Dieser Guide kombiniert Praxiswissen aus unserer Agentur mit aktuellen Marktvergleichen, um eine fundierte Entscheidung zu ermöglichen.

Was ist ein Shopsystem - und warum ist die Wahl entscheidend?

Ein Shopsystem ist die technische Grundlage eines Online-Shops

Es steuert:

  • Produktverwaltung
  • Zahlungsabwicklung
  • Bestellprozesse
  • Lagerverwaltung

Moderne Systeme integrieren oft auch Marketing- und Analysefunktionen.

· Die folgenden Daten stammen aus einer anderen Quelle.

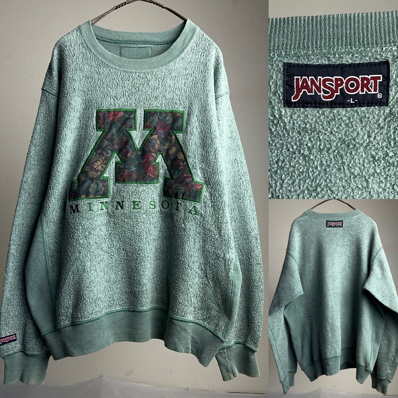 JANSPORT REVERSE Sweatshirt MINNESOTA SIZE L ジャンスポーツ デザインスウェット 起毛 ミネソタ大学 グリーン カレッジ【1000A877】
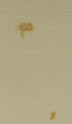 dalle foto vedo che la macchia è bicolore: un centro marrone, un bordo più scuro e degli sbaffi più chiari, come se la macchia si fosse intrufolata attraverso una crepolina dello strato trasparente fin nella trama del tendalino.
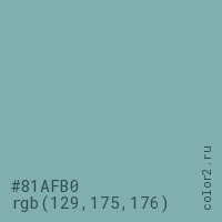 Цвет #81AFB0 в цветовой модели RGB обозначается тремя октетами (129, 175, 176) в десятичном формате и #81AFB0 в шестнадцатиричном (hex) формате, которые являются интенсивностью красного 129 (hex 81), интенсивность зелёного 175 (hex AF) и интенсивность синего 176 (hex B0).
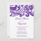 Börja din händelse på rätt sätt med vår trendiga och eleganta lila och vita blommiga virvel Bröllopsfest inbjudan på en krispig vit bakgrund. Anpassa bara vår inbjudan med din bröllopsinformation och du är redo att gå. Finns i andra färgkombinationer i vår butik på www.celebrateitweddings.com. Kolla in våra matchande tackkort, klistermärken och bröllopsknappar i vår butik

Wichtig: Die Auswahl sollte immer auf Basis folgender Fragen erfolgen:

  • Wie viele Produkte werden verkauft?
  • Wie hoch ist das Budget (Setup + laufend)?
  • Gibt es technisches Know-how?

1. Shopify: schnell starten, einfach skalieren

Shopify

Shopify ist eine SaaS-Lösung, die alle technischen Aspekte übernimmt. Besonders geeignet für schnelle Markteintritte.

Vorteile

  • Sehr einfache Bedienung
  • Schneller Launch möglich
  • Hosting & Sicherheit inklusive
  • Große App-Auswahl
  • Sehr gute Performance (CDN integriert)

Nachteile

  • Laufende Kosten + App-Abhängigkeit
  • Eingeschränkte Individualisierung
  • Vendor Lock-in (starke Anbieterbindung)

Kosten

  • 36–399 €/Monat
  • Transaktionsgebühren möglich
  • Setup: ca. 3.000–15.000 €

Für wen geeignet?

  • Startups & Einsteiger
  • D2C-Brands
  • Unternehmen ohne Entwickler

Einordnung: Shopify ist in vielen Fällen die Standardlösung für 70–80 % der Shops, wenn keine komplexen Anforderungen bestehen.

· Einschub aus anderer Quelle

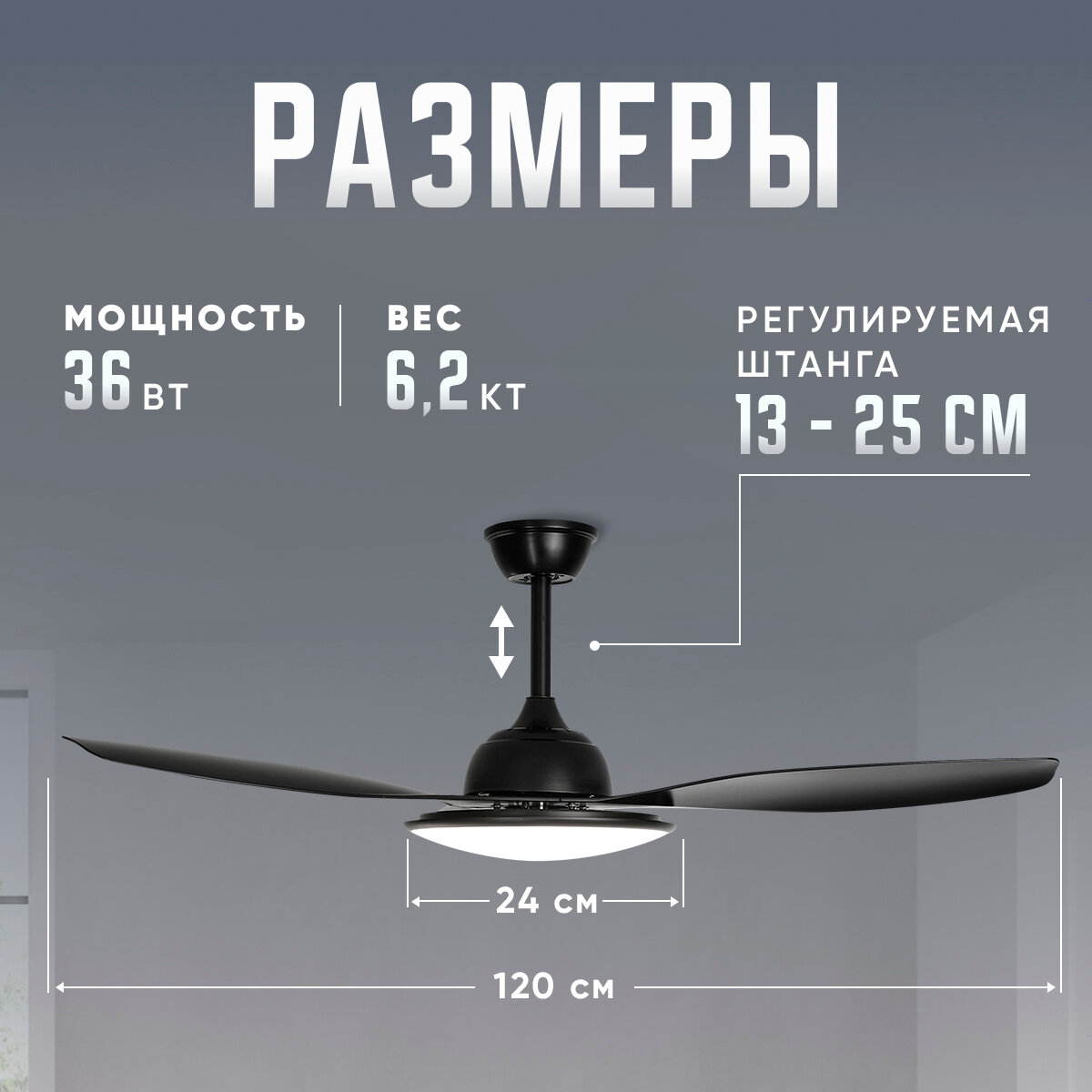 Люстра вентилятор DAIVEN Alatau Black / 120 см / 6 скоростей интересное:

2. WooCommerce (WordPress): maximale Freiheit & SEO

Bild WordPress

WooCommerce

WooCommerce ist ein Open-Source-Plugin, das WordPress in einen Shop verwandelt. Besonders stark im Bereich Content + SEO.

Vorteile

  • Maximale Flexibilität
  • Perfekt für SEO (z. B. mit Yoast / RankMath)
  • Große Plugin-Auswahl (55.000+)
  • Keine festen Plattformkosten

Nachteile

  • Wartung & Sicherheit in Eigenverantwortung
  • Performance abhängig vom Hosting
  • Technisches Know-how nötig

Kosten

  • Hosting: 50–150 €/Monat
  • Setup: ca. 5.000–25.000 €
  • Plugins: variabel

Für wen geeignet?

  • SEO-getriebene Projekte
  • Content + Blog + Shop Kombination
  • Kleine bis mittlere Shops

Einordnung: WooCommerce eignet sich besonders für Unternehmen, die Flexibilität und individuelle Anpassung benötigen, aber technisches Verständnis mitbringen.

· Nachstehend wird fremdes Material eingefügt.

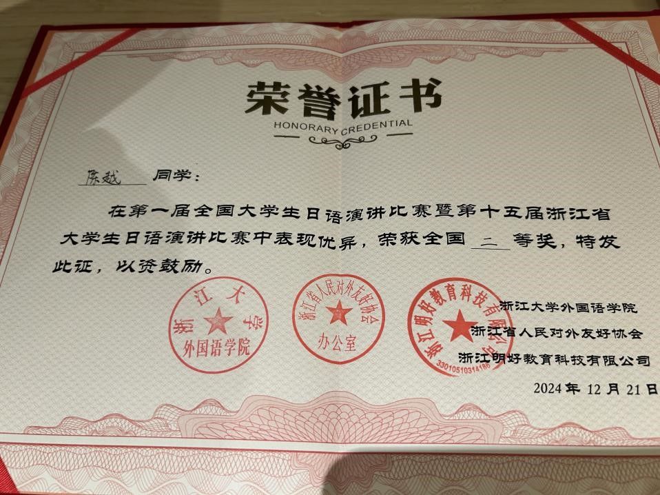 让我们共同祝贺陈越同学,也期待更多日语学子在未来取得更加优异的成绩,为学校争光!

3. Shopware: flexible Lösung für komplexe E-Commerce-Projekte

Shopware

Shopware ist eine hochgradig anpassbare Plattform, besonders stark im DACH-Raum.

Vorteile

  • Sehr hohe Individualisierung
  • API-First → ideal für Headless Commerce
  • Skalierbar für große Shops
  • Multishop- und B2B-Funktionen

Nachteile

  • Hoher technischer Aufwand
  • Hohe Kosten für Entwicklung
  • Agentur meist notwendig

Kosten

  • Community Edition: kostenlos
  • Setup: ca. 10.000–50.000 €
  • Hosting + Plugins zusätzlich

Für wen geeignet?

  • Mittelstand & Enterprise
  • B2B-Modelle
  • Individuelle Geschäftsprozesse

Einordnung: Shopware wird bevorzugt von Unternehmen gewählt, die hohe Flexibilität, Internationalisierung und individuelle Lösungen benötigen.

Entscheidender Unterschied: SaaS vs Open Source zur Erstellung des Online-Shops

Ein zentraler Punkt aus den Vergleichen:

SaaS (Shopify)

  • Kein Hosting notwendig
  • Wartung inklusive
  • Schnell startklar

Open Source (WooCommerce, Shopware)

  • Volle Kontrolle
  • Individuelle Anpassung
  • Höherer Aufwand

Fazit: SaaS = Einfachheit, Open Source = Freiheit

Realistische Gesamtkosten im Vergleich

SystemEinstiegskostenLaufende KostenBetreuung
ShopifyNiedrigMittelMittel
WooCommerceMittelVariabelMittel
ShopwareMittel-HochMittel-HochMittel-Hoch

Wichtig:

Viele Kosten entstehen nicht im System selbst, sondern durch:

  • Entwicklung
  • Marketing
  • Betreuung
Mit Onlie Werbung für Shopware Shop höheren ROI erzielen

Der wichtigste Erfolgsfaktor (aus Agentur-Perspektive) zur Online-Shop-Erstellung

Alle Quellen zeigen klar:

Es gibt kein bestes Shopsystem, nur das passende.

Der Erfolg hängt ab von:

Nicht vom Tool allein.

  • Shopify → Schnell starten, wenig Technik
  • WooCommerce → SEO, Content, maximale Kontrolle
  • Shopware → Große Projekte, komplexe Anforderungen

Fazit & unsere Empfehlung zur Erstellung eines Online-Shops 

Die Wahl des richtigen Shopsystems ist keine technische Entscheidung – sie ist eine strategische. Wer langfristig erfolgreich im E-Commerce sein will, braucht ein System, das nicht nur heute funktioniert, sondern mit dem Unternehmen wächst, sich anpassen lässt und keine künstlichen Abhängigkeiten schafft.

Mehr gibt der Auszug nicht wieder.